Culture

All Together Now

The world’s best comfort food dishes, collected in a single book

By James Oseland


Published on March 18, 2019

One thing readers always tell me is that they save issues of saveur and return to certain recipes again and again; it's probably the most gratifying thing an editor can hear. Over the years, the staff has pulled together collections of those go-to recipes in cookbooks themed for easy reference, the most recent being Saveur Cooks Authentic Italian (Chronicle Books, 2001). Gathering recipes from so many stories in a single volume always produces a result greater than the sum of its parts.

When the editors sat down to talk about what our next cookbook might look like, we knew we wanted to do something different this time. We free-associated, calling out memorable dishes from recent issues. There was the tagliatelle ragu from Nancy Harmon Jenkins' story about Bologna, Italy (April 2008). The savory Beijing-style noodle stir-fry from our May 2010 issue was at the top of everyone's list, as were the feta-stuffed hot peppers--oh, those peppers!--that graced the cover of our Greece issue (August/September 2010). The Hungarian chicken paprikash in our January/February 2010 issue, a beloved family recipe shared by reader Isabelle Zgonc, is a staff-lunch favorite at our office; we knew intuitively that any book we might create would be incomplete without it.

What do these recipes—from all corners of the globe—have in common? We realized that each, in its own way, is designed not only to nourish but to satisfy, console, even indulge. This is comfort food, and we've found it all over the world: in New York delis, Bangkok street stalls, and, above all, in home kitchens, where cooks have welcomed us and shown us how they feed their families.

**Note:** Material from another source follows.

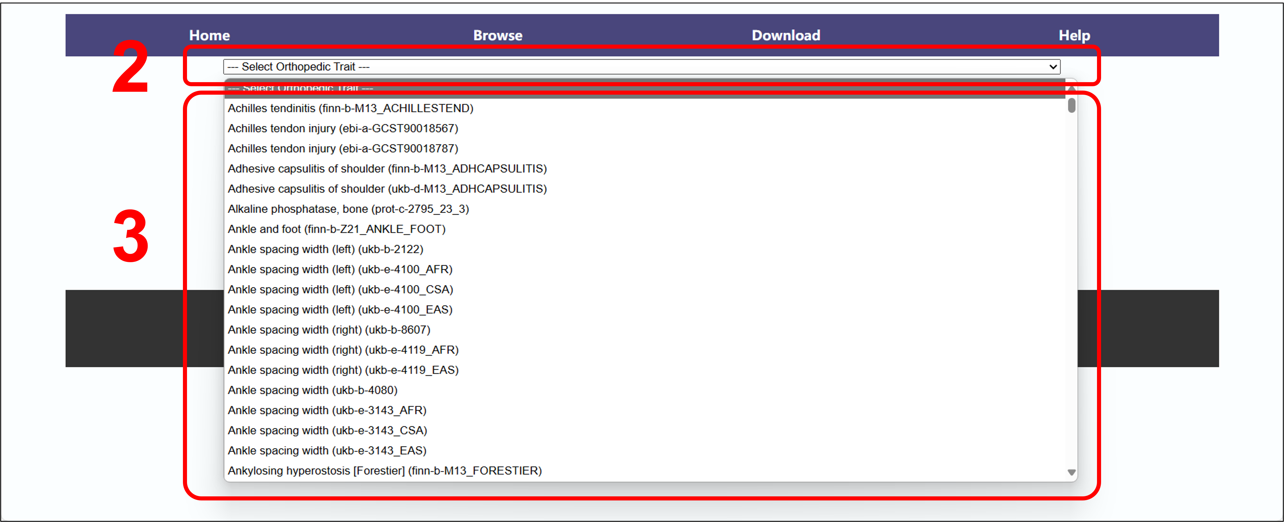 (3) Select the interested bone - related term in the drop - down box (sorted in alphabetical order).

After two years of work, I'm proud to present The New Comfort Food: Home Cooking from Around the World (Chronicle Books), available now in bookstores. What makes this compendium of over 100 recipes so special is that it goes beyond American comfort food classics—though plenty of those are included—and shares the vibrant range of foods that make people everywhere happy. Like the recipes in this issue—the red chile enchiladas that author Javier Cabral learned to make from his aunt in Zacatecas, Mexico ("Mexico Feeds Me,"); the beautiful fried chicken at Martha Lou's Kitchen in Charleston, South Carolina ("Specialty of the House,")--the book represents some of the very best cooking on the planet.